Despite the excellent overall comparability, satellite products under-sample extreme events observed by AERONET. Indeed, 99th percentile AOD for the satellite products are only 60 % of the AERONET values (0.95 versus 1.6). This behavior has already been well documented by Reid et al. (2013) and Eck et al. (2019) for drought periods induced by El Niño. Now with version 3 of AERONET, it can infer AOD550>5 by inferring from the 1020 nm channel. For example, the year 2019 in our study period had exceptional biomass burning AOD. Figure 13 provides a time series of 550 nm AOD from AERONET at three sites on Borneo: (a) Palangkaraya (2.3∘ S, 113.9∘ E), in the heart of biomass burning activity in southern Kalimantan Indonesia with maximum measured AODs; (b) Pontianak (0.1∘ N, 109.2∘ E), on the shore of western Kalimantan as smoke exits to the Java Sea; and (c) Kuching (1.5∘ N, 110.3∘ E) on the southern border of Sarawak, Malaysia, as smoke exits into the South China Sea. Over southern Kalimantan in the heart of the source region, we find the greatest discrepancies between products. For the whole month of August, AODs from the satellite products significantly underestimate smoke levels.
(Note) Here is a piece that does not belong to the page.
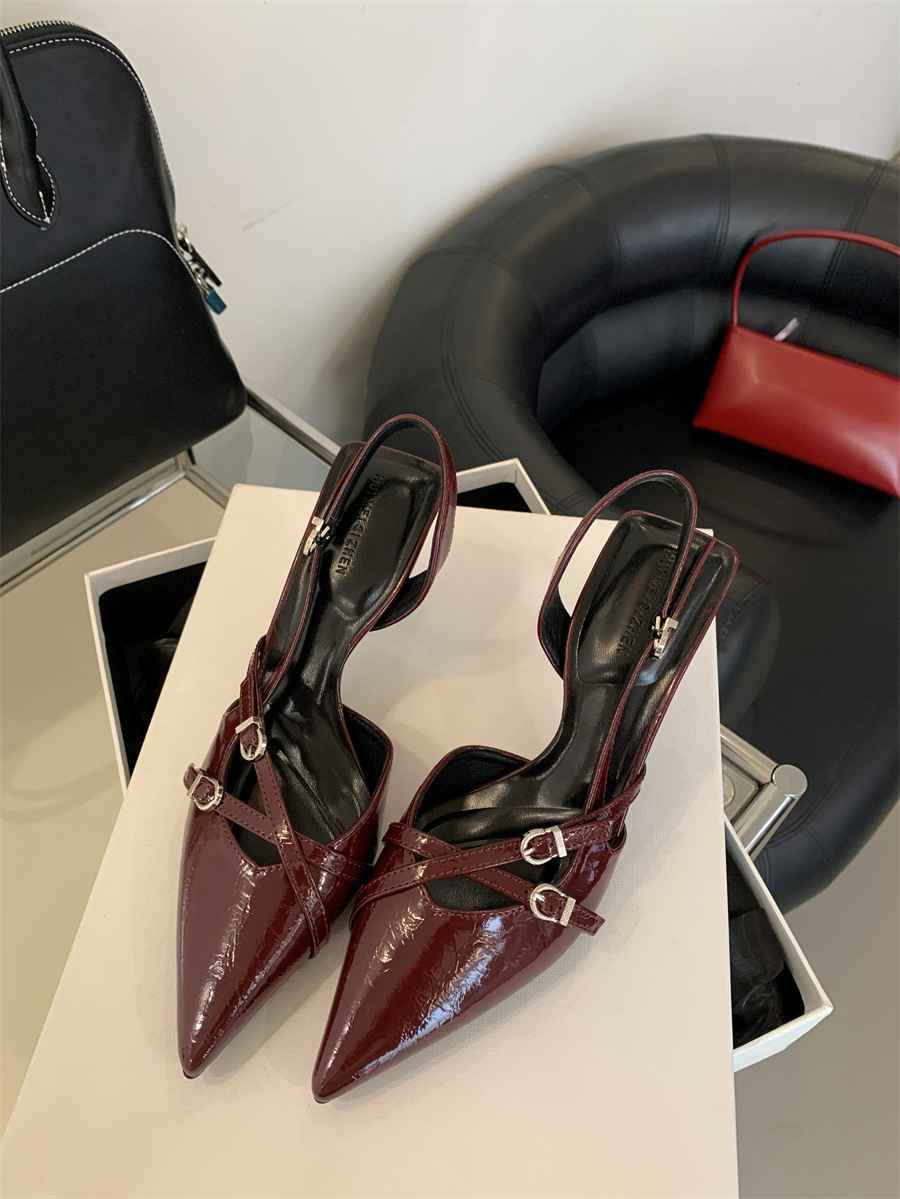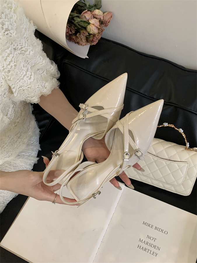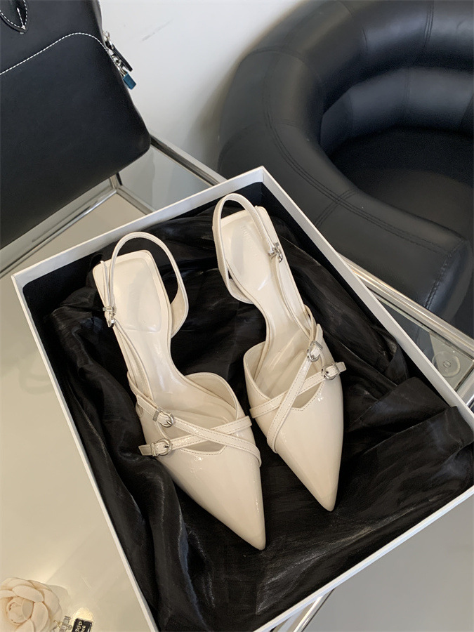 2025 프랑스 패션 우아한 바오터우 샌들 여성 벨트 버클 얕은 하이힐 뾰족한 스틸레토 힐 빈 신발스토어 가기

By mid-September, when smoke loadings are at a maximum, the sun photometer is attenuated, and AODs over 4 can only be estimated by using near-infrared wavelengths. Given saturation, estimates shown in Fig. 13 are not even included in the probability distributions shown earlier in this paper. Owing to its higher resolution, MAIAC has additional coverage compared to the other products. By the end of the season when AODs diminish, AERONET and satellite products reconcile. Along the coast at Pontianak, products compare well between themselves and AERONET, which we hypothesize is due in part to smoke homogenization from many plumes into a single high-AOD region. However, the highest AODs are still understandably missed. At Kuching, smoke AODs are even lower, and all products compare well.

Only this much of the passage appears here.